David Cameron has pledged to get the planning system "off people's backs" and revive the economy by easing restrictions for homes and businesses.
Tens of thousands of families will be allowed to extend their properties by up to eight metres without gaining full permission, and rules on shops and offices expanding will be loosened. Obligations for including affordable housing in new developments could also be waived where they are holding projects back.
But Labour insisted the Government was "kidding itself" that the package would shake the country out of its malaise.
Under the changes, full planning permission - required for extensions of more than a few metres from the rear wall of any home - will only now be needed for those beyond six or eight metres, depending on whether it is terraced or detached.

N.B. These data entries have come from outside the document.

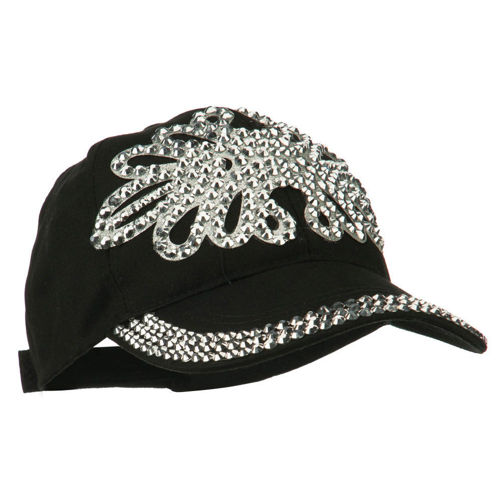 Bill Details, Top of Bill Edge Decorated in Rhinestones, Stiff and Slightly Precurved, Same Color Under Bill
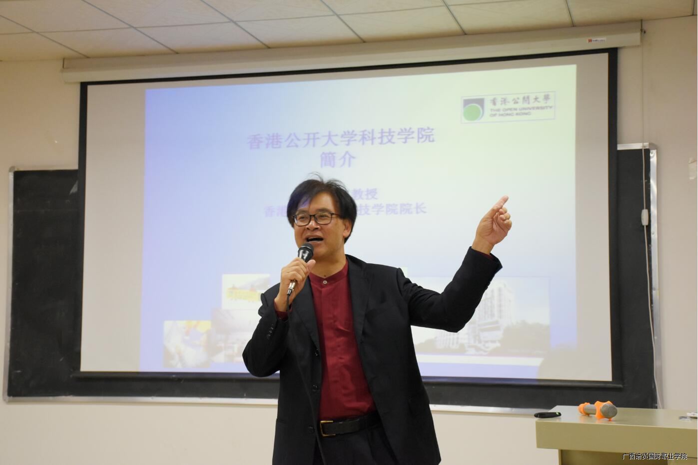 为体现我院“国际接轨”办学理念,让学生了解不同体制下高等教育的发展情况,7月5日晚,我院特邀香港公开大学科技学院院长何建宗博士到我院举办“香港高等教育的发展”专题讲座🪰。我院副董事长区寿本博士、名誉董事长李明庆女士及学院其他领导出席讲座。
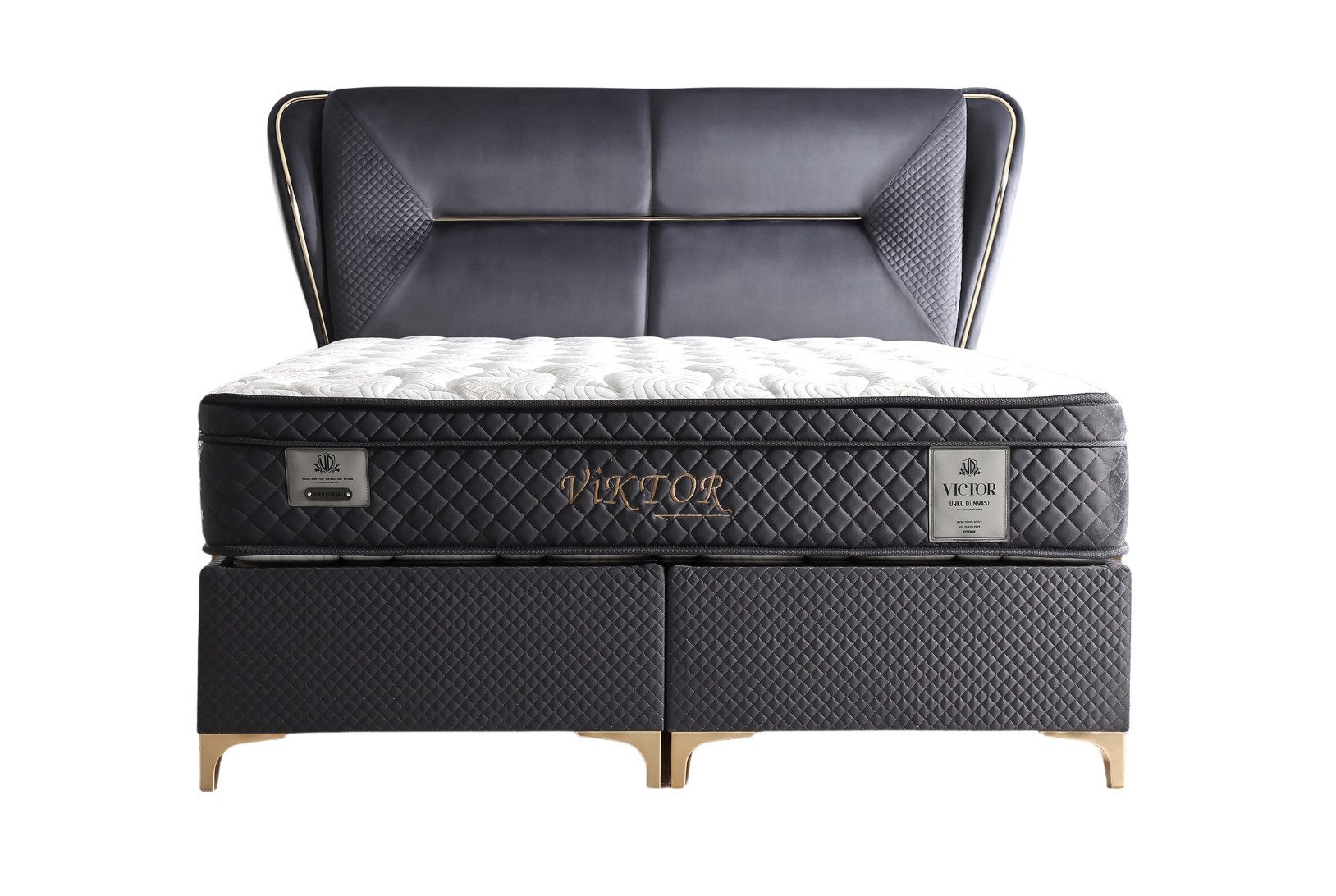 Das Viktor Bett kombiniert klare Linien mit abgesetzten Strukturen. Das hohe Kopfteil ist gepolstert und wird durch seitliche Flügel mit abgesteppten Flächen ergänzt. Goldfarbene Akzente betonen das Design und setzen Kontraste zum dunkelblauen Stoffbezug.

Businesses will be able to expand shops by 100 square metres and industrial units by 200 square metres. Shops and offices will be allowed to develop up to the boundary of the premises.
Another 16,500 first-time buyers are also to receive help getting on the housing ladder under an extension of the FirstBuy scheme to be announced by the Prime Minister and Deputy Prime Minister. Would-be homeowners without a deposit are given an equity loan of up to 20% of the purchase price under the scheme.

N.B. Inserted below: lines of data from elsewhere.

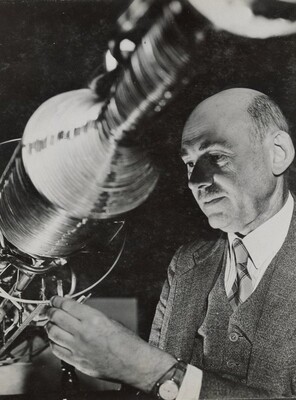 Photograph of Robert Goddard looking at a rocket motor he developed using pumps for propellants, circa 1940. This photograph is part of the final section of Esther Goddard's photo album titled "A Few Informal Photographs, Through the Years". This photograph can be found online with the year 1932 credited to it, but Esther dates it at 1940. The annotation in her photo album specifically links the rocket he poses with as one using pumps as propellants, which is relevant to 1940 but not 1932. Esther also has "N.G.S" handwritten next to her annotation, which likely stands for National Geographic Society. In 1940, Goddard invited photographers from National Geographic to Roswell to witness a rocket flight test that ended up being unsuccessful. The article never materialized.
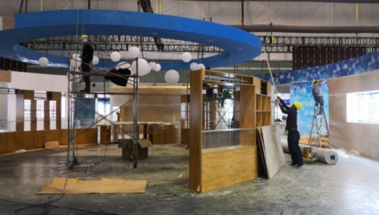 在室内展馆,工程负责人向小编介绍,展馆内的特装展台已经初具雏形,整体框架基本搭建完毕,工人们有的在整理装修物料,有的在粘贴巨幅宣传壁纸,布展工作均有条不紊的进行中。负责人说:“展台需要具备相当的承重能力,如果出现纰漏则会存在安全隐患,因此我们将对螺丝的松紧度、台面的平整度、棚顶装饰的安全性等每一个细节进行严格把关。”据介绍,展台因为结构相对复杂,对质量的要求也很高,连日来,施工人员都在加班加点地对该展台进行设计、装修、调试。与此同时,各个展馆的防火、监控、应急、保暖、通讯等设备也都正在调试测试中,为本届雪博会的顺利召开全方位保驾护航。
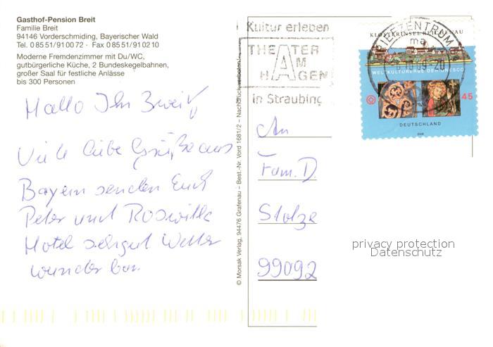 73642939 alte Postkarte Vorderschmiding Gasthof Pension Breit Festsaal postalisch gelaufen Erhaltung siehe scans [FriedD77] KatCode: 11110009272126
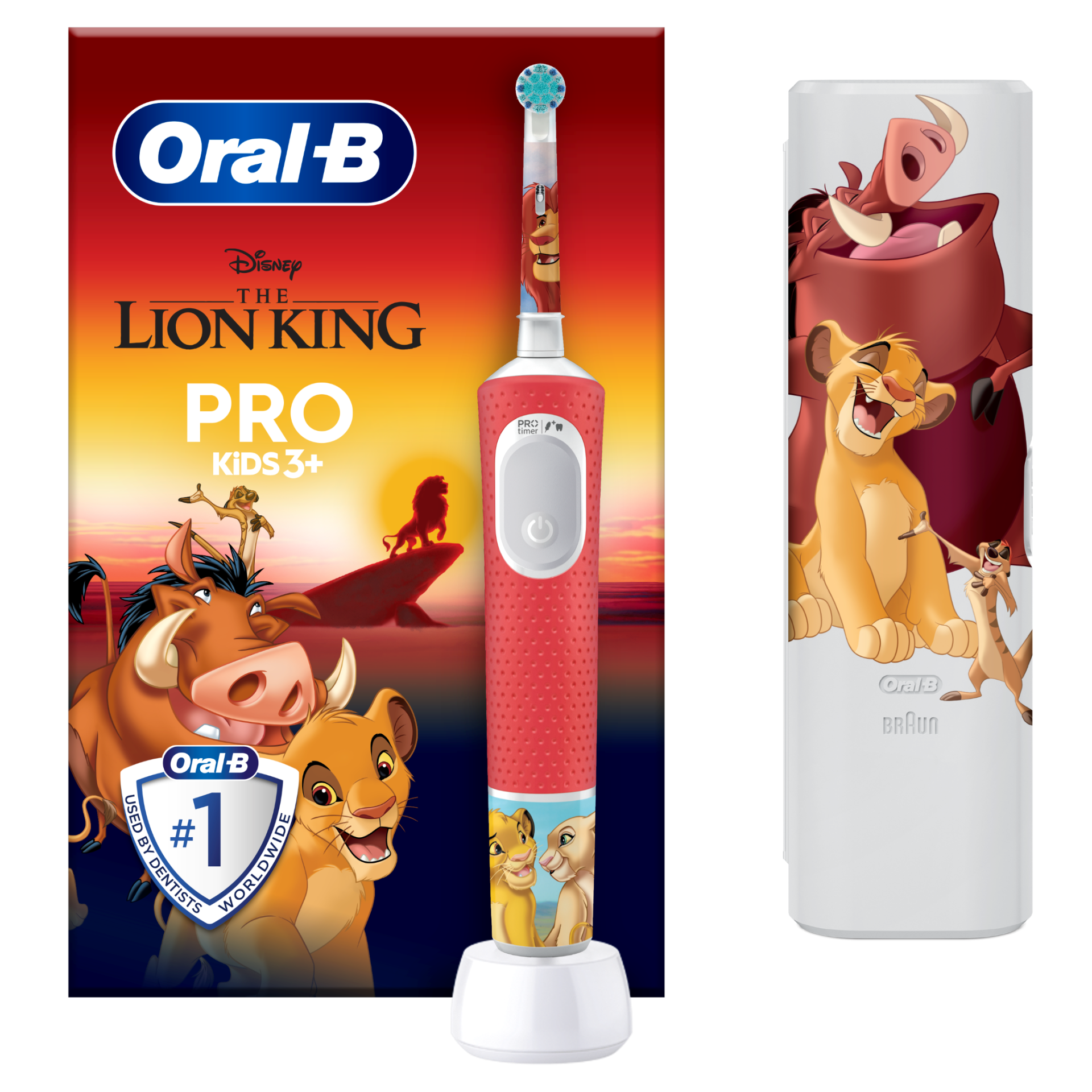 Lo spazzolino elettrico Oral-B Kids per bambini dai 3 anni in su, unisce la pulizia efficace e delicata con il divertimento dei personaggi Disney del Re Leone, aiutando a spazzolare i denti per 2 minuti, come raccomandato dai dentisti. Le setole extra morbide e la piccola testina rotonda sono state progettate appositamente per i bambini e sono compatibili con tutti gli spazzolini elettrici Oral-B Kids. Con 2 modalità di spazzolamento, inclusa una speciale modalità Super Delicata, pulisce delicatamente i denti dei più piccoli, rimuovendo più placca rispetto ad uno spazzolino manuale. Sono inclusi 4 adesivi con i personaggi del Re Leone per personalizzare lo spazzolino.

Ministers have also decided that developers will no longer have to wait five years to apply to change affordable housing requirements if they are making sites "commercially unviable".

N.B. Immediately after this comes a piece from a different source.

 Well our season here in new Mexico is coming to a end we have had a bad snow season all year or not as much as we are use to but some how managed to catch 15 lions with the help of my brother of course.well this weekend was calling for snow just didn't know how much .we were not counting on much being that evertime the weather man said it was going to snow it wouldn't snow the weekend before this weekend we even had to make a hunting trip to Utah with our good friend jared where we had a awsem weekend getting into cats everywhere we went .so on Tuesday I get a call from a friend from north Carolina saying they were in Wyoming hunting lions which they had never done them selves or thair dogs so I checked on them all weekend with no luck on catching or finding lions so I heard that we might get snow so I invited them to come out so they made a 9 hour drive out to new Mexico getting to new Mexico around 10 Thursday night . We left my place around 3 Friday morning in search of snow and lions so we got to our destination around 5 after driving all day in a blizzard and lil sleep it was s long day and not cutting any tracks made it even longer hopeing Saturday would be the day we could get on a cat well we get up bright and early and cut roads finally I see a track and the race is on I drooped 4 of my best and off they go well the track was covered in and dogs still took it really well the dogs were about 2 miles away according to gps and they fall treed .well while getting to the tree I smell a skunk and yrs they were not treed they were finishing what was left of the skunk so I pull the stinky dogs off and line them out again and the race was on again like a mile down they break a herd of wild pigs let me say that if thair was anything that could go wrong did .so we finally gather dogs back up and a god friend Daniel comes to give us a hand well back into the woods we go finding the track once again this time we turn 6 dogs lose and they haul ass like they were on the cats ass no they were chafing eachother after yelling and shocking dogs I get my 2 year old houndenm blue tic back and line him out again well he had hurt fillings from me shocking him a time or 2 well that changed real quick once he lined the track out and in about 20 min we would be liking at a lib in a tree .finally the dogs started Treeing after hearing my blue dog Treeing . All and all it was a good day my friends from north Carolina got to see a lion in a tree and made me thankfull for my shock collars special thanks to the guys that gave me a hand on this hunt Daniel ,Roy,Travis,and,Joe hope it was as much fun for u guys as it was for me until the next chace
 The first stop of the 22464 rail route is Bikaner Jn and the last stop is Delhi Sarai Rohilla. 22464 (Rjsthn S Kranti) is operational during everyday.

However, Deputy Prime Minister Nick Clegg insisted the change would be more than compensated for by extra Government investment to support the building of more affordable homes.
Treasury funding of £300 million has been found to help provide up to 15,000 such properties and bring 5,000 empty homes back into use, Downing Street said. And new legislation will provide Government guarantees of up to £40 billion of major infrastructure projects and up to £10 billion of new homes, including a move to guarantee the debt of housing associations and private sector developers.
The Prime Minister's official spokesman said Whitehall would intervene if town halls did not consider developers' requests to drop affordable home restrictions quickly enough. "We want to see it happen quickly, and where councils aren't dealing with things quick enough we will be applying some pressure," he told reporters. Downing Street said a month-long consultation on allowing larger extensions without planning permission will start next week with an aim of the measures being in effect by the end of the year.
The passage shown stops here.